** The task **
With images removed, transcribe each record exactly as it appears.

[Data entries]
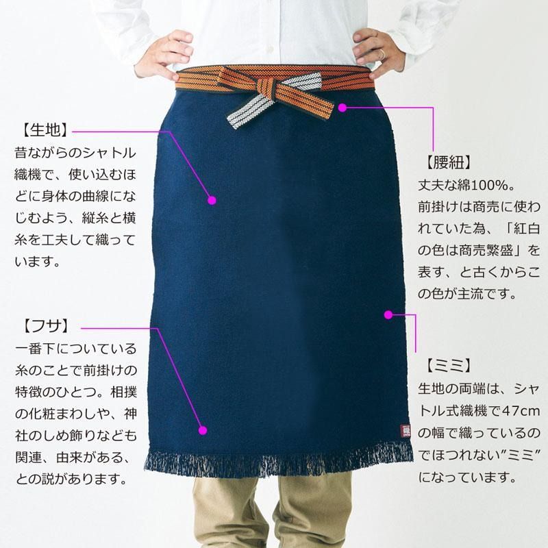 生地も腰紐(帯)は、綿100%なので大変丈夫で、適度に伸縮性のある紅白の紐は、昔から使われている「商売繁盛」の意味が込められたおめでたい色。
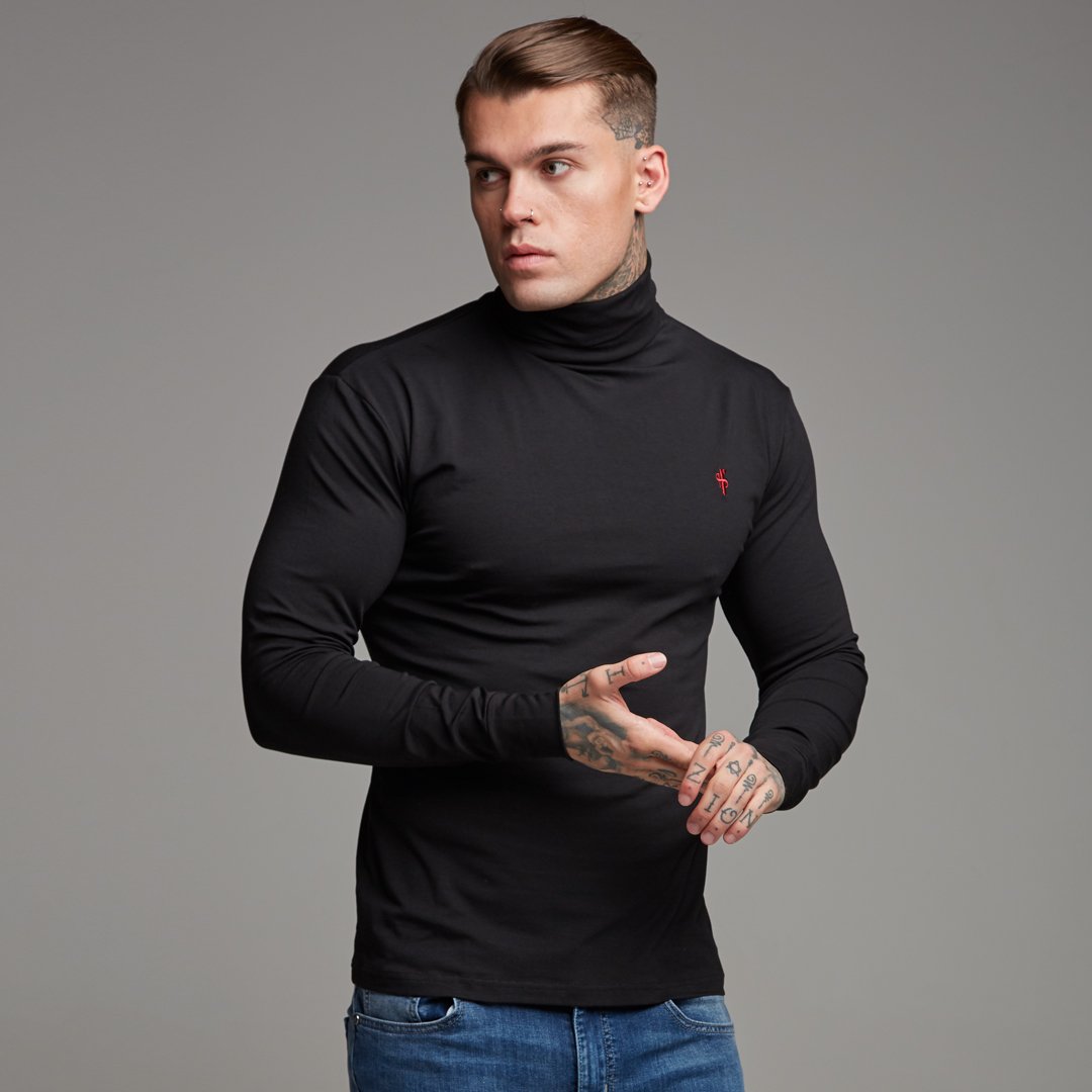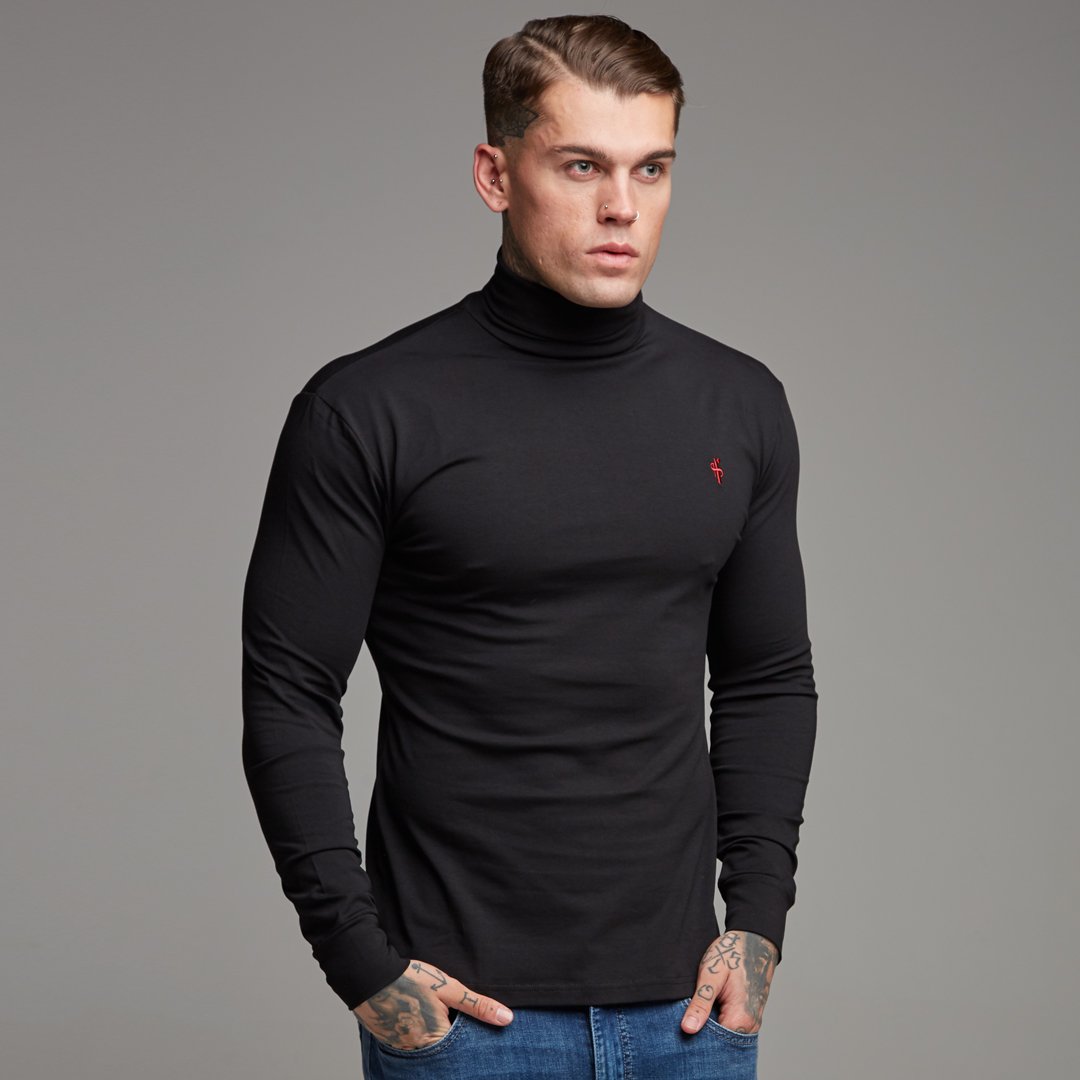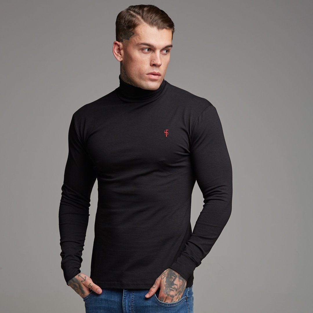 Father Sons Classic Black Stretch Roll Neck (Red Emblem) - FSH090
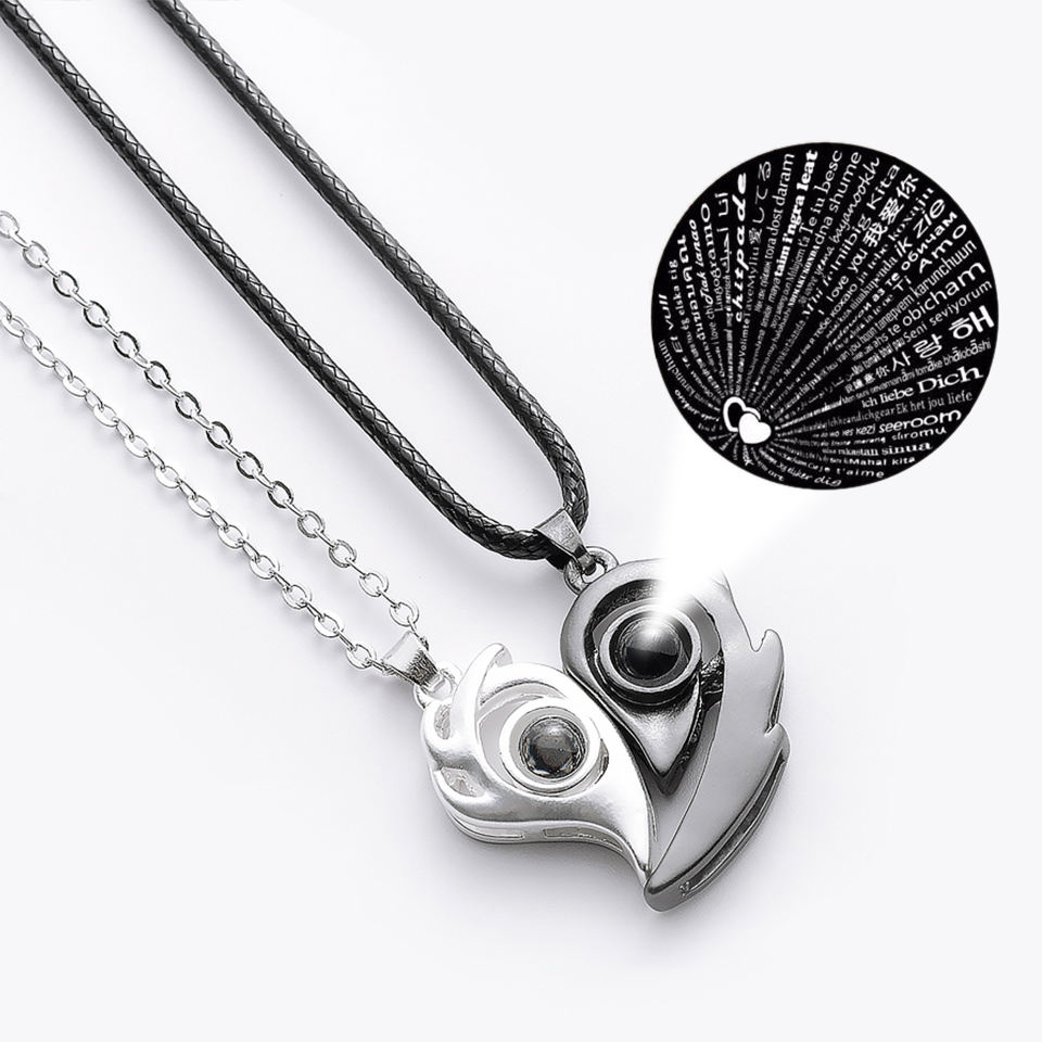 Hot Selling Magnetic Couple Necklace Heart Splicing Projection 100 Language I Love You Necklace for Women Men
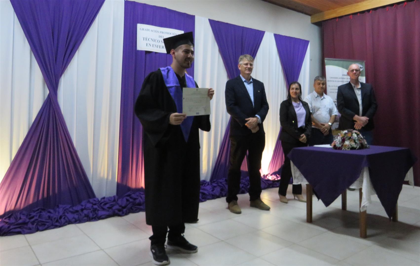 Continuando con algunas palabras, la Mgtr. Juana Enns: ¨Expreso mi admiración y gratitud a estos egresados por la perseverancia en alcanzar la meta, han llegado como cualquier otro jóven a la institución, con grandes sueños, expectativas y mucha incertidumbre (incertidumbre por el hecho de que su formación inició en la etapa de la pandemia global que atravesamos.) Con un ambiente educacional a distancia, han experimentado desde sus lugares diversas dificultades en virtud del aislamiento, dificultades de comunicación social y ansiedad, pero a pesar de todo, se ha logrado la meta. Con certeza hoy puedo decir que se logró con éxito la formación profesional en tiempo atípico, expreso mi gratitud a los egresados, a los directivos, al cuerpo de docentes. Hemos aprendido que si existe buena disposición entre todos se logra alcanzar el objetivo.”
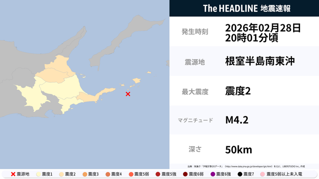 02月28日20時01分頃、根室半島南東沖を震源とするマグニチュード4.2の地震が観測された。最大震度2を観測したのは、北海道。
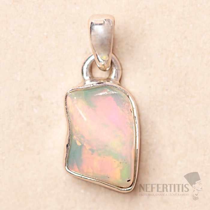 Elegant silver pendant made of raw, polished opal, with a beautiful play of colors. Ag 925. Impressive and elegant jewelry, evoking joy and feelings of harmony from the look. Ethiopian opals, compared to Australian… more »
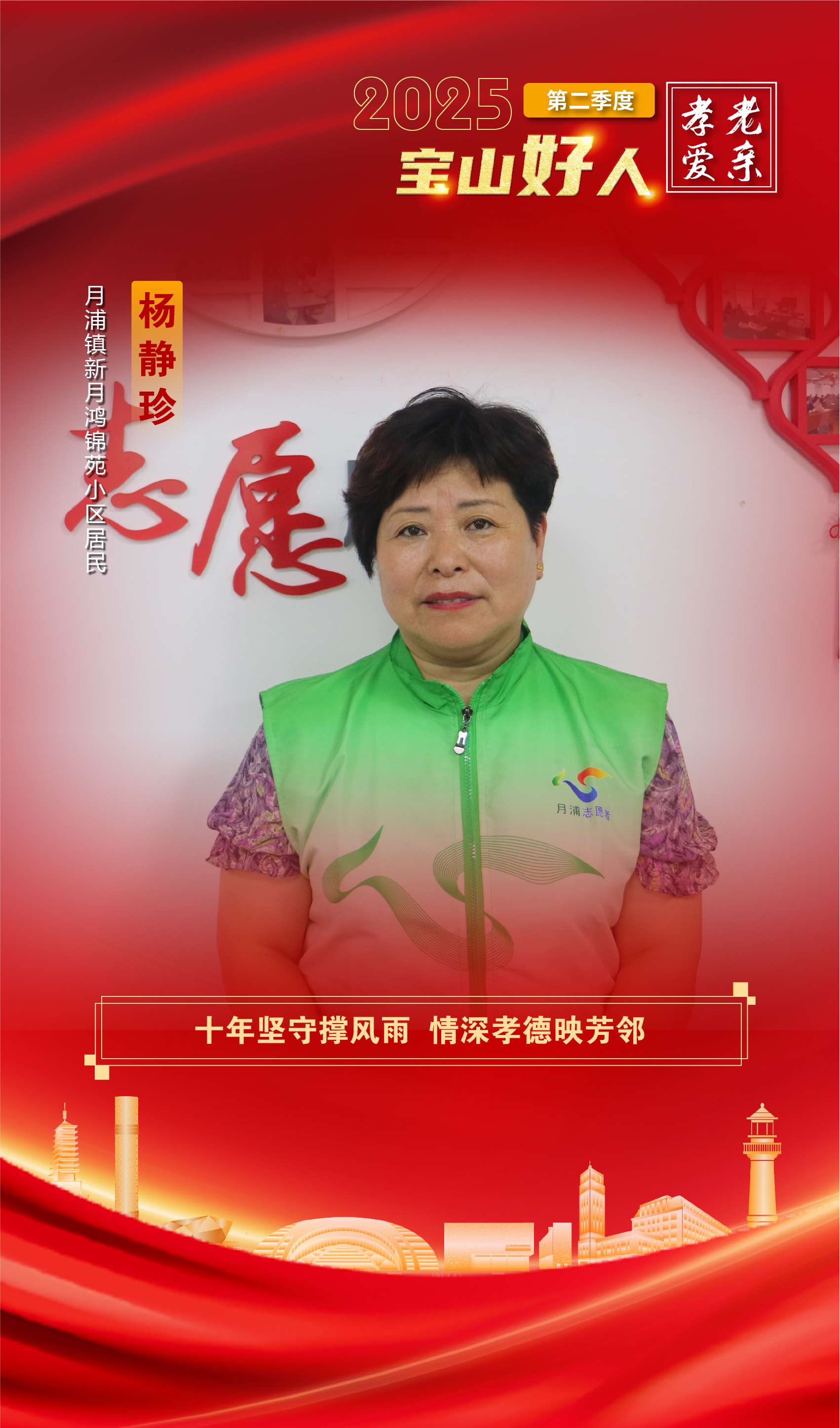 杨静珍,女,1968年生,月浦镇新月鸿锦苑小区居民。十余年来,她以柔弱的身躯毅然撑起风雨飘摇的家庭,书写 “孝老爱亲” 的人间温情。杨静珍1988年嫁入陈家,成为陈家儿媳妇,孝敬公婆,抚育儿子,操持家务,家庭和睦幸福。 2010年婆婆过世,公公也日渐衰老,公公的大女儿因车祸生活无法自理,二女儿幼年夭折,三女儿脑梗失去自理能力,2015年8月,杨静珍丈夫被查出癌症晚期,生活的重担都压在她一个人身上。她倾尽所有,陪着丈夫四处求医问药,进行化疗。然而三个月后,病魔最终还是带走了丈夫。面对重重打击,杨静珍来不及悲痛,还要安慰照顾年迈的公公。每日清晨,她便早起为公公熬制软糯粥食,饭后她扶着老人在小区散步,时时用邻里趣事逗得老人展露笑颜。2024年5月,公公在一次意外摔倒后生活更难自理,需要长期的调养和极为悉心的照料,她立刻在家中布置了各类便老设施,每日按医嘱精心喂药,定时为老人按摩肌肉。十年如一日精心照料,公公面色红润、衣着干净整洁。没有豪言壮语,杨静珍用柴米油盐里的坚守,让“孝老爱亲”从家风化作照亮社区的暖阳,成为居民们纷纷点赞的“身边榜样”。
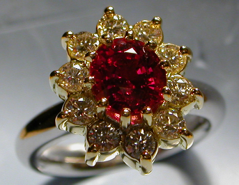 Red spinel and white diamonds lifted in the setting on a full ring makes having a plain wedding band really easy
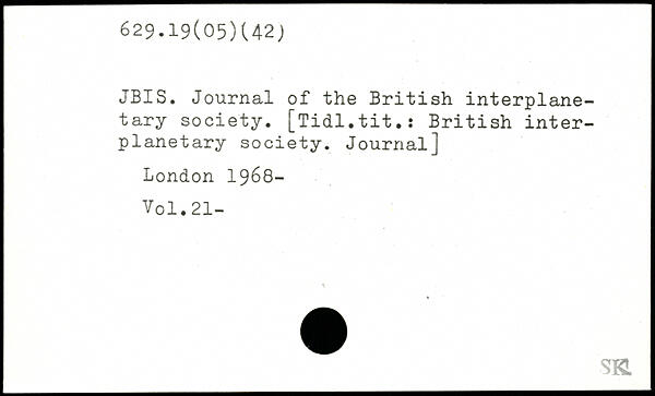 JBIS. Journal of the British interplanetary society. [Tidl.tit.: British interplanetary society. Journal]
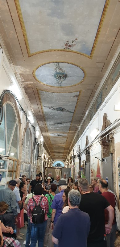 All the ceilings on the upper floor are flat and decorated with rich murals painted by the famous muralist S. Melnick. The paintings in the building include landscapes of the Holy Land alongside European landscapes and inscriptions in Hebrew.
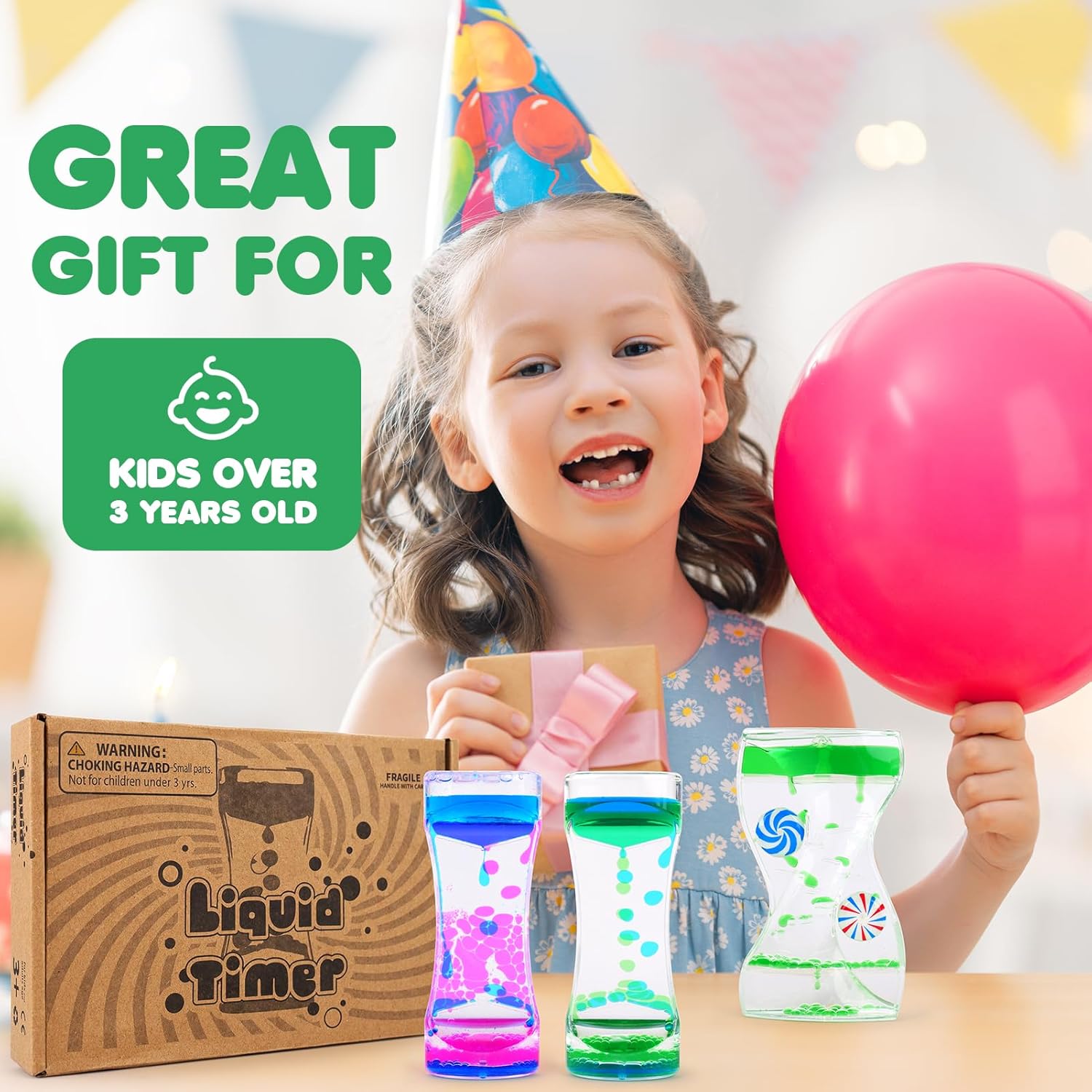 - THERAPEUTIC TOOL: The slow and rhythmic drops of this liquid hourglass timer have a very soothing effect and actually help kids and adults with sensory issues, making this a perfect sensory toy for kids with special needs, autism, and ADHD. A liquid bubble timer toy can also help fight anxiety, stress, and boredom.

** Expected output **
 生地も腰紐(帯)は、綿100%なので大変丈夫で、適度に伸縮性のある紅白の紐は、昔から使われている「商売繁盛」の意味が込められたおめでたい色。
 Father Sons Classic Black Stretch Roll Neck (Red Emblem) - FSH090
 Hot Selling Magnetic Couple Necklace Heart Splicing Projection 100 Language I Love You Necklace for Women Men
 Continuando con algunas palabras, la Mgtr. Juana Enns: ¨Expreso mi admiración y gratitud a estos egresados por la perseverancia en alcanzar la meta, han llegado como cualquier otro jóven a la institución, con grandes sueños, expectativas y mucha incertidumbre (incertidumbre por el hecho de que su formación inició en la etapa de la pandemia global que atravesamos.) Con un ambiente educacional a distancia, han experimentado desde sus lugares diversas dificultades en virtud del aislamiento, dificultades de comunicación social y ansiedad, pero a pesar de todo, se ha logrado la meta. Con certeza hoy puedo decir que se logró con éxito la formación profesional en tiempo atípico, expreso mi gratitud a los egresados, a los directivos, al cuerpo de docentes. Hemos aprendido que si existe buena disposición entre todos se logra alcanzar el objetivo.”
 02月28日20時01分頃、根室半島南東沖を震源とするマグニチュード4.2の地震が観測された。最大震度2を観測したのは、北海道。
 Elegant silver pendant made of raw, polished opal, with a beautiful play of colors. Ag 925. Impressive and elegant jewelry, evoking joy and feelings of harmony from the look. Ethiopian opals, compared to Australian… more »
 杨静珍,女,1968年生,月浦镇新月鸿锦苑小区居民。十余年来,她以柔弱的身躯毅然撑起风雨飘摇的家庭,书写 “孝老爱亲” 的人间温情。杨静珍1988年嫁入陈家,成为陈家儿媳妇,孝敬公婆,抚育儿子,操持家务,家庭和睦幸福。 2010年婆婆过世,公公也日渐衰老,公公的大女儿因车祸生活无法自理,二女儿幼年夭折,三女儿脑梗失去自理能力,2015年8月,杨静珍丈夫被查出癌症晚期,生活的重担都压在她一个人身上。她倾尽所有,陪着丈夫四处求医问药,进行化疗。然而三个月后,病魔最终还是带走了丈夫。面对重重打击,杨静珍来不及悲痛,还要安慰照顾年迈的公公。每日清晨,她便早起为公公熬制软糯粥食,饭后她扶着老人在小区散步,时时用邻里趣事逗得老人展露笑颜。2024年5月,公公在一次意外摔倒后生活更难自理,需要长期的调养和极为悉心的照料,她立刻在家中布置了各类便老设施,每日按医嘱精心喂药,定时为老人按摩肌肉。十年如一日精心照料,公公面色红润、衣着干净整洁。没有豪言壮语,杨静珍用柴米油盐里的坚守,让“孝老爱亲”从家风化作照亮社区的暖阳,成为居民们纷纷点赞的“身边榜样”。
 Red spinel and white diamonds lifted in the setting on a full ring makes having a plain wedding band really easy
 JBIS. Journal of the British interplanetary society. [Tidl.tit.: British interplanetary society. Journal]
 All the ceilings on the upper floor are flat and decorated with rich murals painted by the famous muralist S. Melnick. The paintings in the building include landscapes of the Holy Land alongside European landscapes and inscriptions in Hebrew.
 - THERAPEUTIC TOOL: The slow and rhythmic drops of this liquid hourglass timer have a very soothing effect and actually help kids and adults with sensory issues, making this a perfect sensory toy for kids with special needs, autism, and ADHD. A liquid bubble timer toy can also help fight anxiety, stress, and boredom.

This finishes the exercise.